Senseless Search Failure

Ty Durden

Member
Dec 7, 2009
63
1
Trying to understand something, not seeing why the behavior is what it is --

On one of the larger threads, there are literally 100s of pages. I've found by actually looking through that there are literally dozens of pages which have the specific video "type" I'm looking for (for example -- IAT, JUC, BKSP, whatever).

A "search within thread", however, says there is like ONE SINGLE entry, a result I know for an absolute fact is totally wrong.

Why is this search algorithm failing to do what it's obviously there for?

Since the system doesn't index on names or identifiers (i.e, MIDD273) so you can explicitly search for a video of interest, the search feature failing to properly support any related action seriously reduces the site's utility.
:brucelee:

I'm not complaining, it's a beggars-can't-be-choosers thing, I ack -- it's more a "Why does the site NOT work as one would hope it would?"
:guaah:
 

Rollyco

Team Tomoe
Oct 4, 2007
3,562
34
What thread, and what search term are you inputting?
 

guy

(;Θ_Θ)ゝ”
Feb 11, 2007
2,079
43
A "search within thread", however, says there is like ONE SINGLE entry, a result I know for an absolute fact is totally wrong.

Works fine for me. "Search this thread" for the term "thread" and I got two results. Now it should be three, including this post.

Remember, search terms are character-specific, so a search for "MIDD273" would not match any post that contains "MIDD-273" or "MIDD 273", and vice versa. And since the contents of the post are entirely up to the poster (what words they include, etc), there's no way for a person to predict which posts have the content they want -- let alone a search algorithm.
 

Ty Durden

Member
Dec 7, 2009
63
1
Works fine for me. "Search this thread" for the term "thread" and I got two results. Now it should be three, including this post.

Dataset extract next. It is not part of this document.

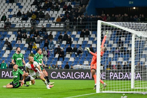 Il gol di Ostigard in Sassuolo-Genoa (foto Genoa CFC Tanopress)

Remember, search terms are character-specific, so a search for "MIDD273" would not match any post that contains "MIDD-273" or "MIDD 273", and vice versa. And since the contents of the post are entirely up to the poster (what words they include, etc), there's no way for a person to predict which posts have the content they want -- let alone a search algorithm.

Item 1:
The "search" excludes three-character or less searches. Since the identifiers of a good 3/5ths of JAV titles begin with a three character sequence, you pretty much make 3/5ths of the obvious search terms out of bounds. This should be dropped to excluding 2 character sequences (which is still annoying but I gtant that search would probably be rididulous), and/or you ought to encourage some mechanism for adding the ids (ex: ATI120 & ATI) as keywords for posts which contain such referents (and this assumes the keyword search is not also limited to >3 chars, which may well be the case). If the reference count goes over a certain rational number of entries (say, 1000), then fine, cut it off and warn the user, so they know they need to cut it down. Better still, allow them to do a boolean "AND/OR/NOT" search , something there's no evidence the search mechanism supports as all despite the fact that it would be quite useful in finding a specific entry. All searches, IIRC, are handled as "or" searches which is far, far less useful than if they were all "and" searches. I can reproduce an "or" search with multiple searches. I can't cut down on a thousand results from an "or" search by any given mechanism, since "search this thread" doesn't work, as shown below.

Item 2:
Remember, search terms are character-specific, so a search for "MIDD273" would not match any post that contains "MIDD-273" or "MIDD 273", and vice versa.
I'm well aware of this. But the instance in question it was a four-char search in a thread with multiple four-character occurrences of the code -- I reduced the search down to something as simple as MIDD which OUGHT to find all three of the above examples you provided. I can't tell you the exact example of this that triggered this comment but I suspect that if you go to a large thread you KNOW contains a number of MIDD, or MIAD or some other occurrence, it won't find all of them.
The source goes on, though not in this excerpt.